• What is needed: Please set down exactly the lines from the one that contains "Machinic desire can" through the end of the material, leaving out every picture.

^^^^^^^^^^^^^^^^

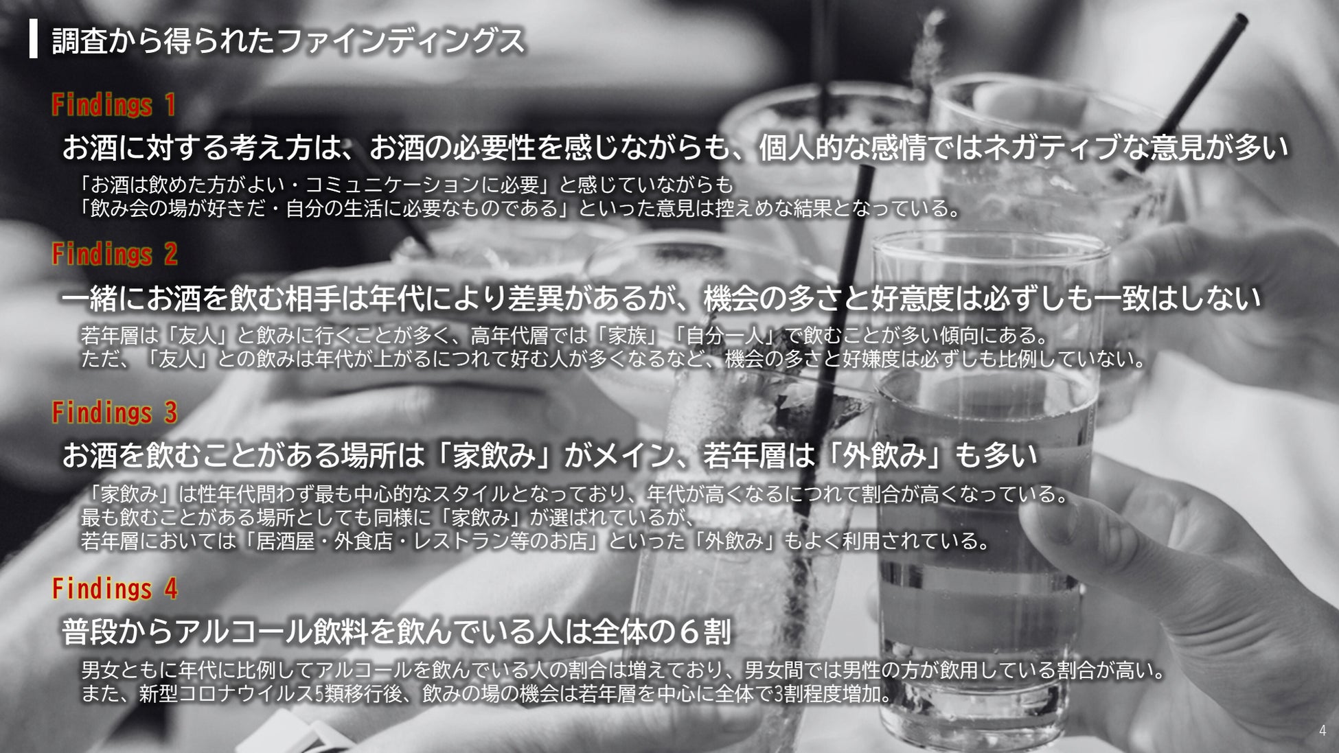 2023年5月に実施した今回の調査では、年代差によるアルコール飲料や飲み会の機会に対する様々な意識に違いが見られました。コロナ後には飲み会の機会は増えている傾向が徐々に見られ、今後さらに3年間の自粛を経た結果、意識や行動に大きな変化がありそうです。以上、~アフターコロナでどう変わる?~アルコール飲料に関する意識実態調査の結果を抜粋してお伝えしました。
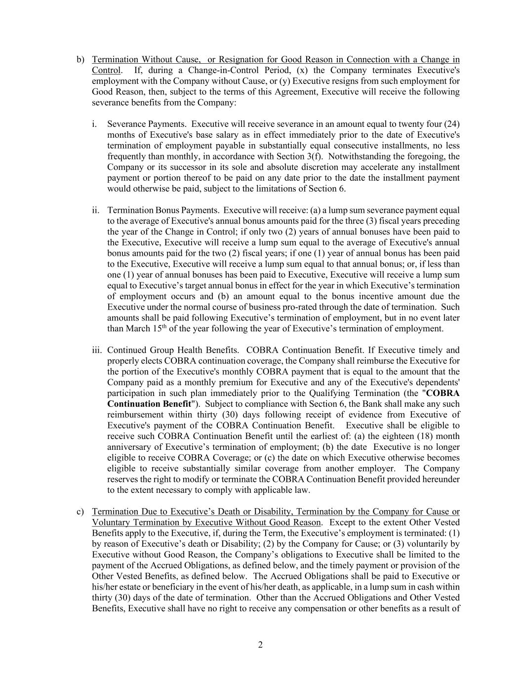 2 b) Termination Without Cause, or Resignation for Good Reason in Connection with a Change in Control. If, during a Change-in-Control Period, (x) the Company terminates Executive's employment with the Company without Cause, or (y) Executive resigns from such employment for Good Reason, then, subject to the terms of this Agreement, Executive will receive the following severance benefits from the Company: i. Severance Payments. Executive will receive severance in an amount equal to twenty four (24) months of Executive's base salary as in effect immediately prior to the date of Executive's termination of employment payable in substantially equal consecutive installments, no less frequently than monthly, in accordance with Section 3(f). Notwithstanding the foregoing, the Company or its successor in its sole and absolute discretion may accelerate any installment payment or portion thereof to be paid on any date prior to the date the installment payment would otherwise be paid, subject to the limitations of Section 6. ii. Termination Bonus Payments. Executive will receive: (a) a lump sum severance payment equal to the average of Executive's annual bonus amounts paid for the three (3) fiscal years preceding the year of the Change in Control; if only two (2) years of annual bonuses have been paid to the Executive, Executive will receive a lump sum equal to the average of Executive's annual bonus amounts paid for the two (2) fiscal years; if one (1) year of annual bonus has been paid to the Executive, Executive will receive a lump sum equal to that annual bonus; or, if less than one (1) year of annual bonuses has been paid to Executive, Executive will receive a lump sum equal to Executive’s target annual bonus in effect for the year in which Executive’s termination of employment occurs and (b) an amount equal to the bonus incentive amount due the Executive under the normal course of business pro-rated through the date of termination. Such amounts shall be paid following Executive’s termination of employment, but in no event later than March 15th of the year following the year of Executive’s termination of employment. iii. Continued Group Health Benefits. COBRA Continuation Benefit. If Executive timely and properly elects COBRA continuation coverage, the Company shall reimburse the Executive for the portion of the Executive's monthly COBRA payment that is equal to the amount that the Company paid as a monthly premium for Executive and any of the Executive's dependents' participation in such plan immediately prior to the Qualifying Termination (the "COBRA Continuation Benefit"). Subject to compliance with Section 6, the Bank shall make any such reimbursement within thirty (30) days following receipt of evidence from Executive of Executive's payment of the COBRA Continuation Benefit. Executive shall be eligible to receive such COBRA Continuation Benefit until the earliest of: (a) the eighteen (18) month anniversary of Executive’s termination of employment; (b) the date Executive is no longer eligible to receive COBRA Coverage; or (c) the date on which Executive otherwise becomes eligible to receive substantially similar coverage from another employer. The Company reserves the right to modify or terminate the COBRA Continuation Benefit provided hereunder to the extent necessary to comply with applicable law. c) Termination Due to Executive’s Death or Disability, Termination by the Company for Cause or Voluntary Termination by Executive Without Good Reason. Except to the extent Other Vested Benefits apply to the Executive, if, during the Term, the Executive’s employment is terminated: (1) by reason of Executive’s death or Disability; (2) by the Company for Cause; or (3) voluntarily by Executive without Good Reason, the Company’s obligations to Executive shall be limited to the payment of the Accrued Obligations, as defined below, and the timely payment or provision of the Other Vested Benefits, as defined below. The Accrued Obligations shall be paid to Executive or his/her estate or beneficiary in the event of his/her death, as applicable, in a lump sum in cash within thirty (30) days of the date of termination. Other than the Accrued Obligations and Other Vested Benefits, Executive shall have no right to receive any compensation or other benefits as a result of
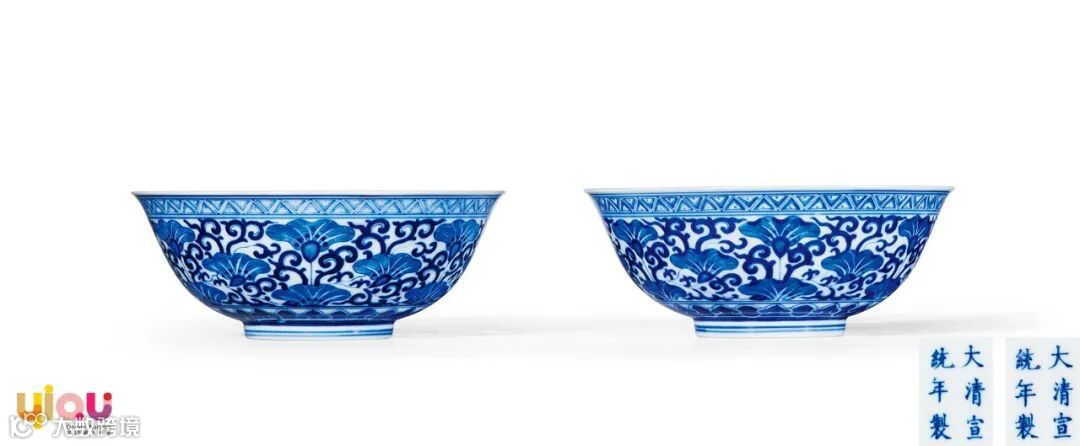 此对拍品敞口,深弧腹,圈足。足脊露胎圆润,切削细致,胎质洁白细糯,碗体轻盈,造型规整。碗体里外密布装饰纹样。内里口沿饰锦地方形纹一周;内壁及内底心饰碎点地衬托的如意头连接的留白花纹,以缠枝纹带间隔。外壁的主题纹样是缠枝花卉纹,绘工精细,意趣盎然。外口沿及胫部的辅助纹样分别是一周连续的三角加点纹和如意头莲瓣纹。纹样布局合理,繁密疏朗有致。满施白釉,釉汁莹润,釉面平滑。青花色泽亮丽,鲜艳柔美;深浓浅淡分明,阴阳有别;绘画笔触细致,纹饰精细;画面生动活泼,充满生机。底落“大清宣统年制”六字双行楷书款。
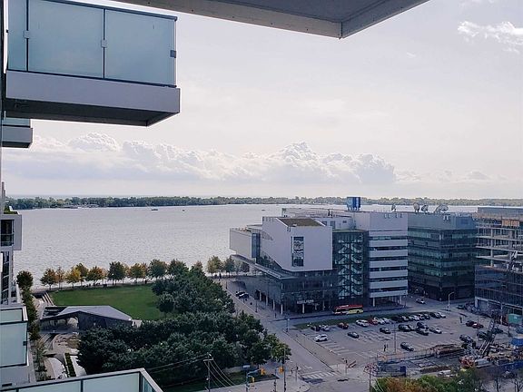 Waterfront Development "Monde", View Of The Lake & City! Bright & Spacious Unit 712 Sf + Large Balcony,1 Bdrm & Den, Large Kitchen W-Island & Breakfast Bar, Open Concept Living & Dining Room W/Floor To Ceiling Windows, High-End Finishings, Hardwood Flrs. Easy Access To Waterfront, Transit, George Brown College, Loblaws, Dvp/Gardiner Exp Way, Shuttle To Union Stn. Enjoy Use Of Concierge, State Of The Art Gym, Guest Suites, Pool, Steam Rm,Sauna & Much More.
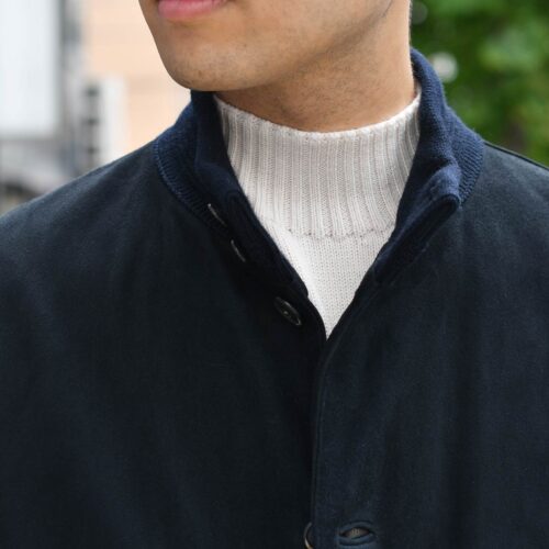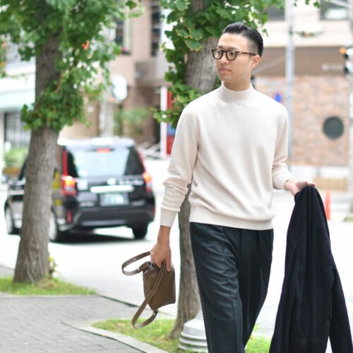 インナーにはミドルゲージのモックネックニット。
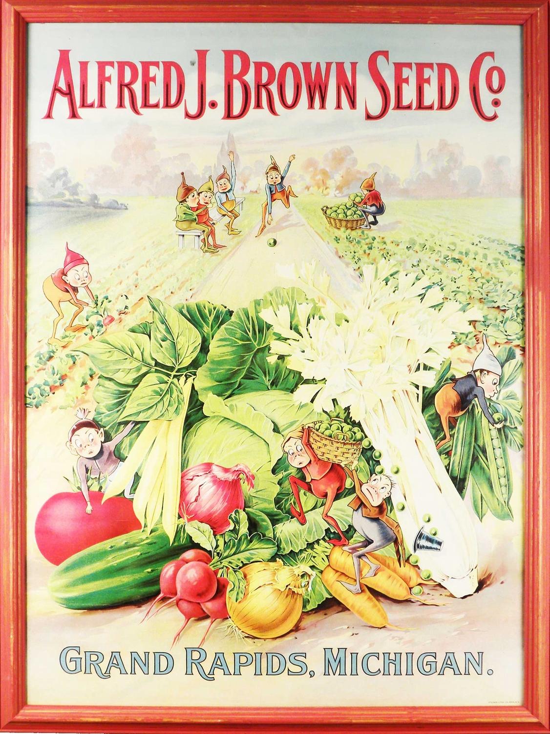 Alfred J. Brown Seed Company Paper Sign. Grand Rapids, MI. Depicting "Brownies" in the field picking produce. Stecher Litho Co. Roch. NY. Framed under glass. Near mint condition. 24 X 33 inches image only.
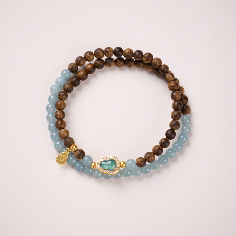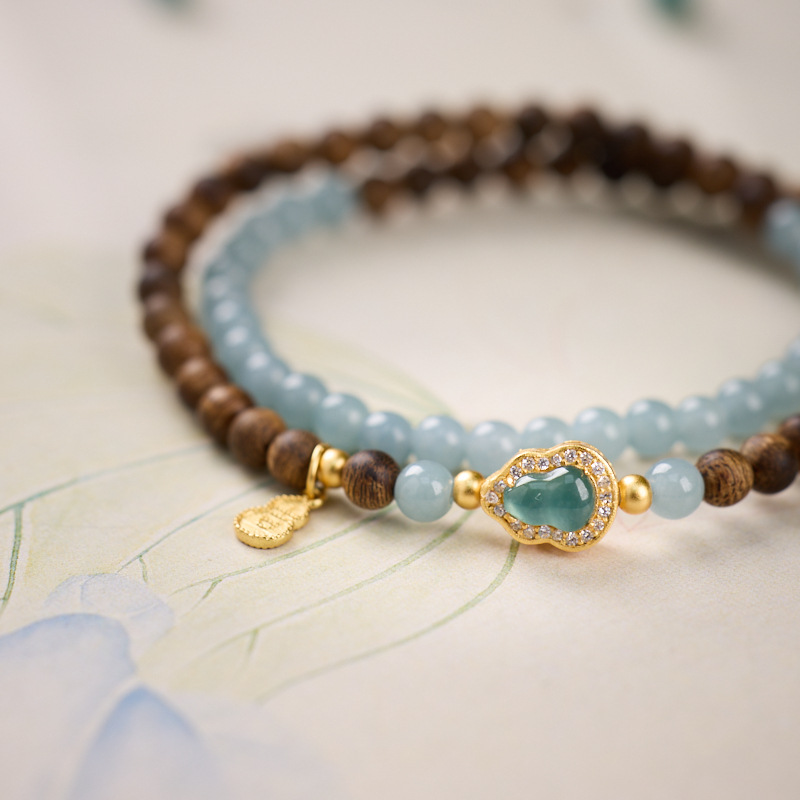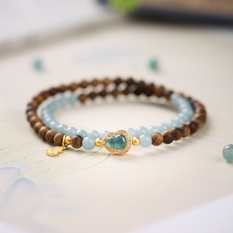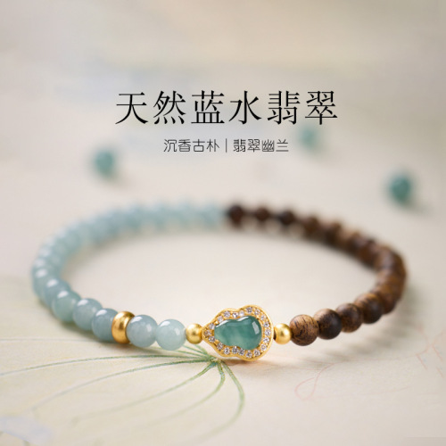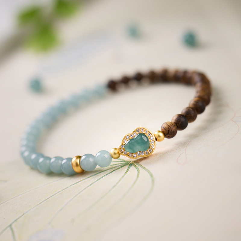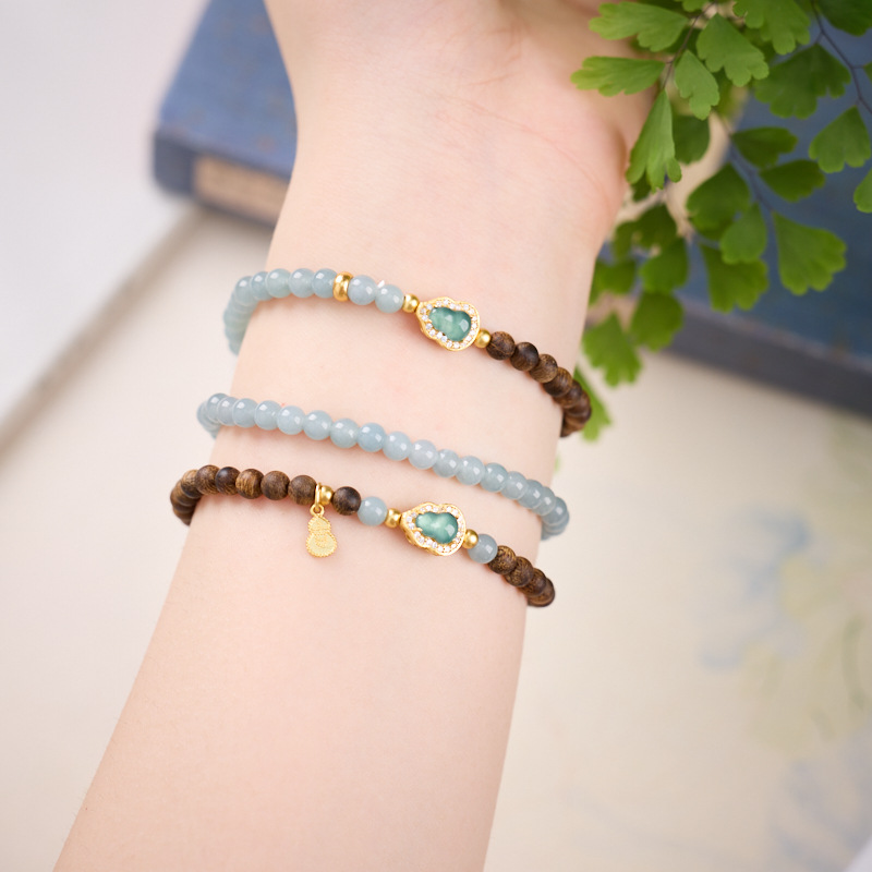 | Name | Wild Agarwood 4mm - Blue Water Jade Silver-plated Gold-coated Gourd Bracelet Design
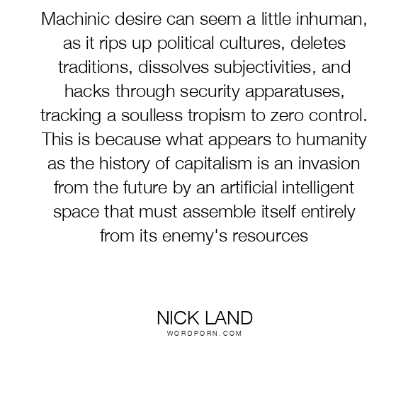 Machinic desire can seem a little inhuman, as it rips up political cultures, deletes traditions, dissolves subjectivities, and hacks through security apparatuses, tracking a soulless tropism to zero control. This is because what appears to humanity as the history of capitalism is an invasion from the future by an artificial intelligent space that must assemble itself entirely from its enemy's resources
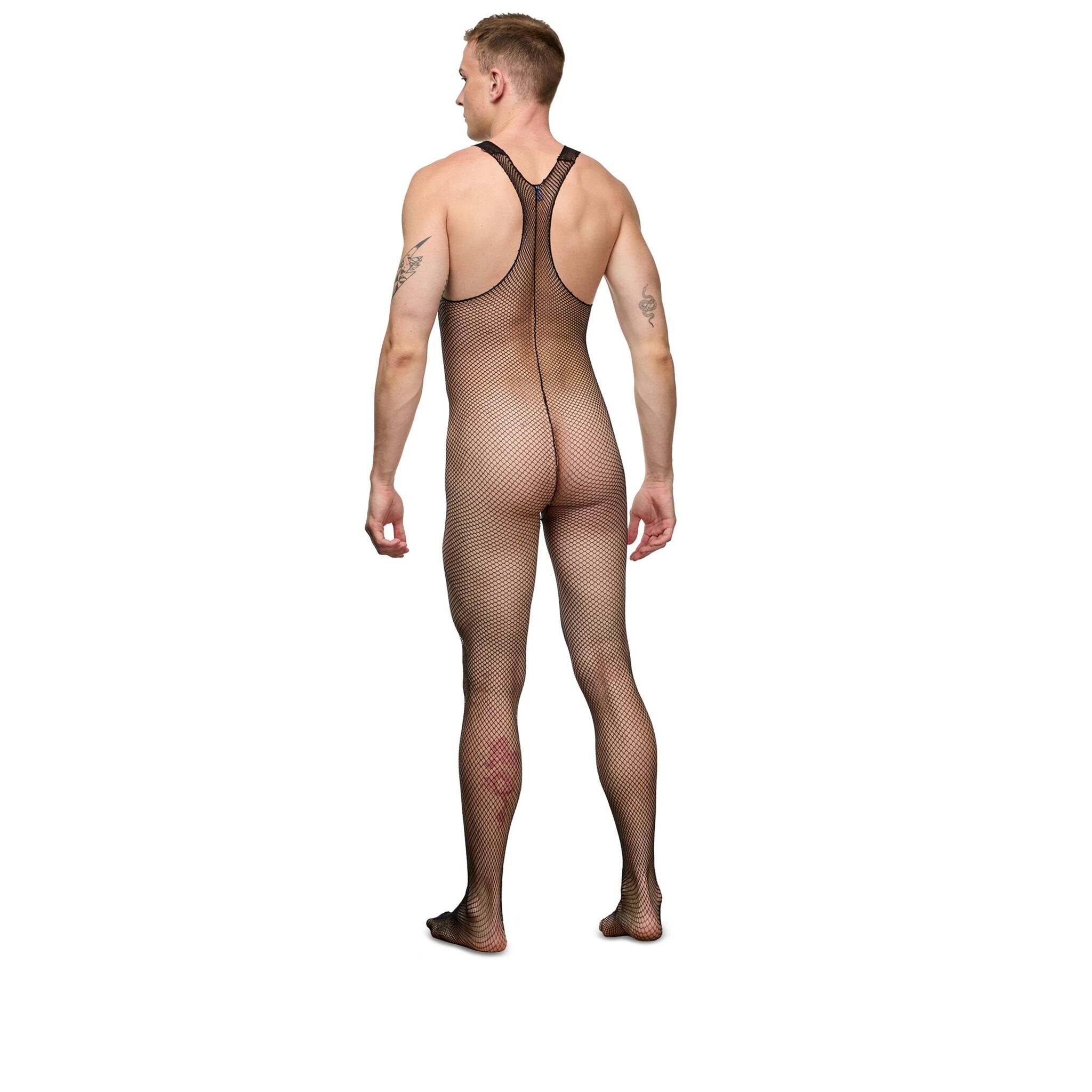 Черный мужской кэтсьюит-сетка.
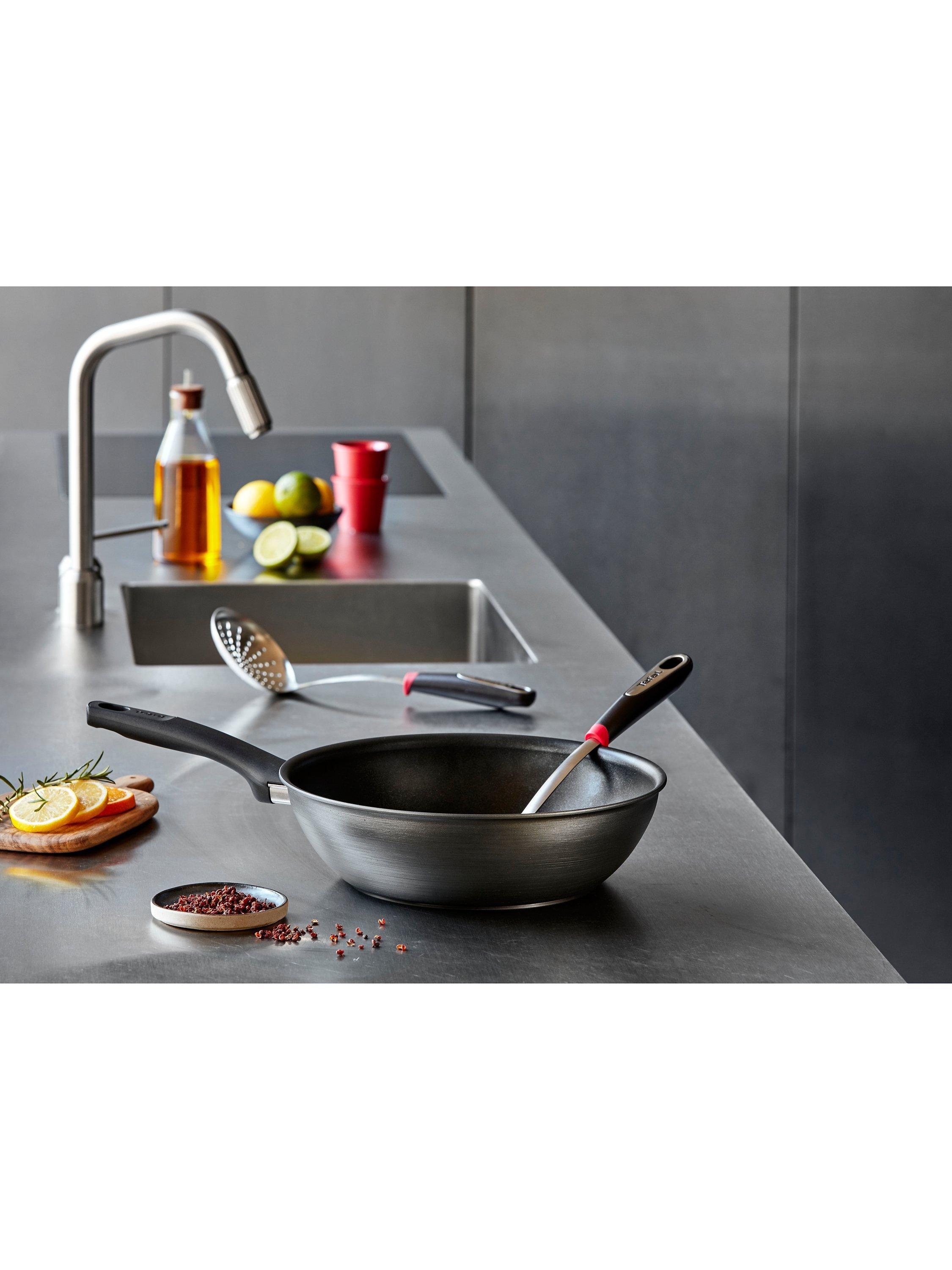 A non-stick wok from the Tefal Titanium Fusion range of cookware. The Tefal Titanium Fusion range features a non-stick coating that's resistant to all types of cooking utensils and to all types of cooking techniques, no matter how intense, making it a great choice for high-temperature stir fry cooking.

^^^^^^^^^^^^^^^^

• Written solution:
 Machinic desire can seem a little inhuman, as it rips up political cultures, deletes traditions, dissolves subjectivities, and hacks through security apparatuses, tracking a soulless tropism to zero control. This is because what appears to humanity as the history of capitalism is an invasion from the future by an artificial intelligent space that must assemble itself entirely from its enemy's resources
 Черный мужской кэтсьюит-сетка.
 A non-stick wok from the Tefal Titanium Fusion range of cookware. The Tefal Titanium Fusion range features a non-stick coating that's resistant to all types of cooking utensils and to all types of cooking techniques, no matter how intense, making it a great choice for high-temperature stir fry cooking.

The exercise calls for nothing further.